[EXERCISE BRIEF]: Only the lines below between the one holding "今天还行,跑赢指数,目前上涨0.96%,满仓没有融资。" and the one holding "MUSA is a disruptive", inclusive, are to be reproduced word for word; the pictures are to be left out.

[MATERIAL SHOWN]:
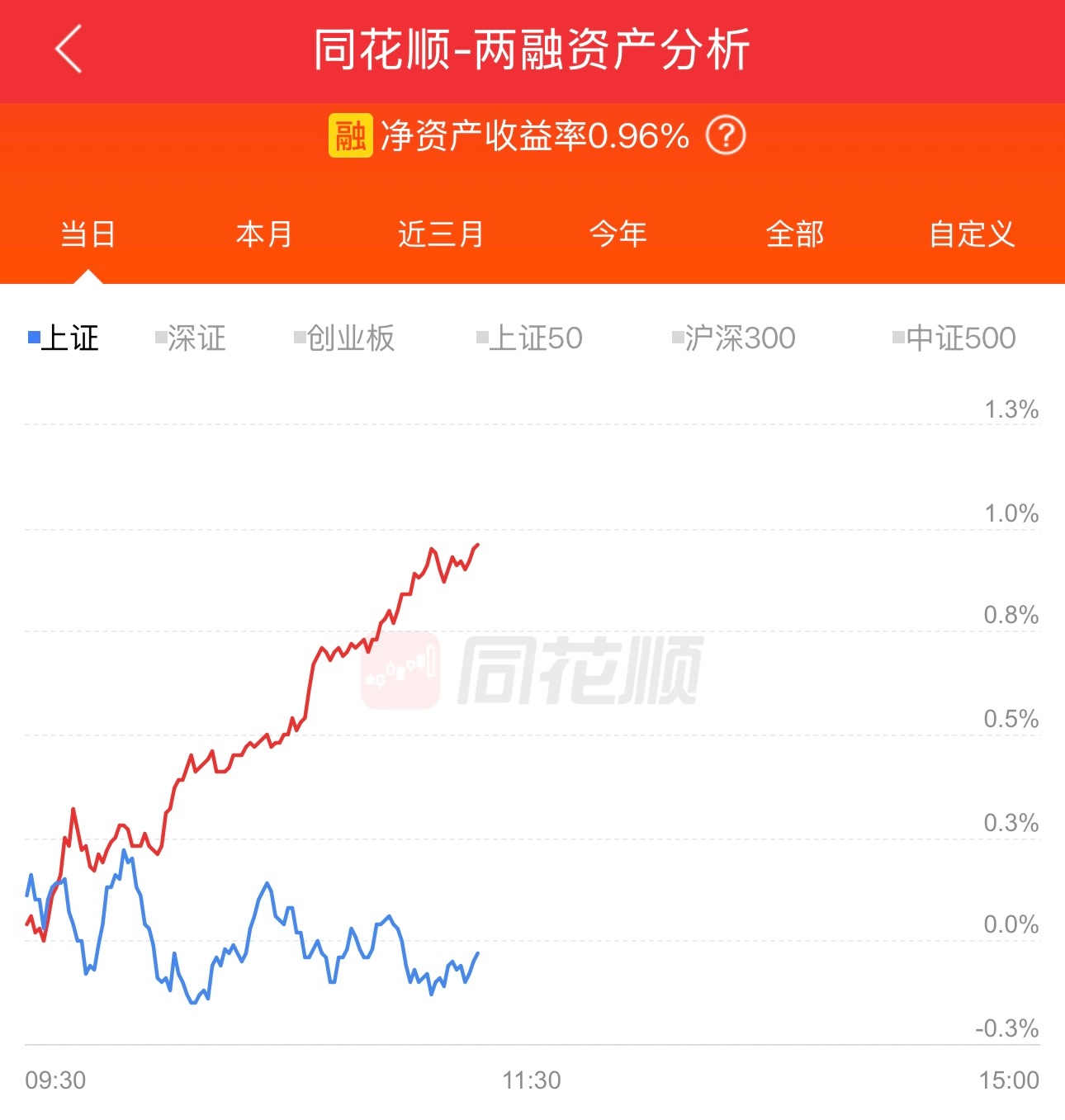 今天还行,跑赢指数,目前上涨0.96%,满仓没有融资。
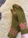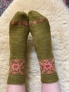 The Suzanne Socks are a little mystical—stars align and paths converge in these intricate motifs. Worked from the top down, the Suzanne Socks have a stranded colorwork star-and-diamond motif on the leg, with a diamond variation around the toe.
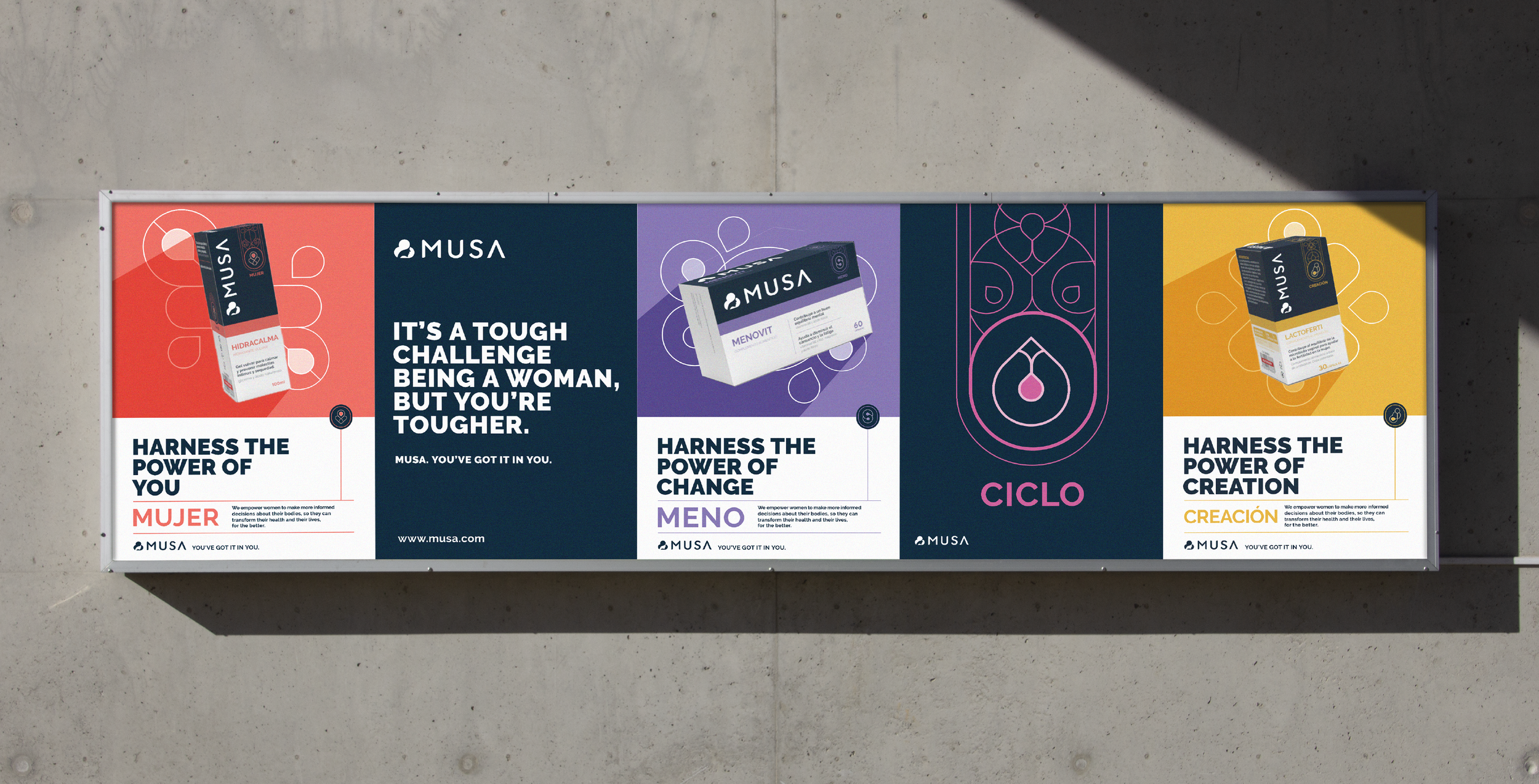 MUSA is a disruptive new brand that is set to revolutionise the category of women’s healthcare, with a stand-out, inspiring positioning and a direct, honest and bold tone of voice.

* * *

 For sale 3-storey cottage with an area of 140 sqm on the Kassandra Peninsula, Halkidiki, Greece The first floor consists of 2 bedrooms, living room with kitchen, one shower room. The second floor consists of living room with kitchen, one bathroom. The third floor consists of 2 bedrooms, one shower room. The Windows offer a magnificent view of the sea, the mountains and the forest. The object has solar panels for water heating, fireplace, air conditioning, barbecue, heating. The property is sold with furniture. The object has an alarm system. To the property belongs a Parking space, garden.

[EXERCISE RESPONSE]:
 今天还行,跑赢指数,目前上涨0.96%,满仓没有融资。
 The Suzanne Socks are a little mystical—stars align and paths converge in these intricate motifs. Worked from the top down, the Suzanne Socks have a stranded colorwork star-and-diamond motif on the leg, with a diamond variation around the toe.
 MUSA is a disruptive new brand that is set to revolutionise the category of women’s healthcare, with a stand-out, inspiring positioning and a direct, honest and bold tone of voice.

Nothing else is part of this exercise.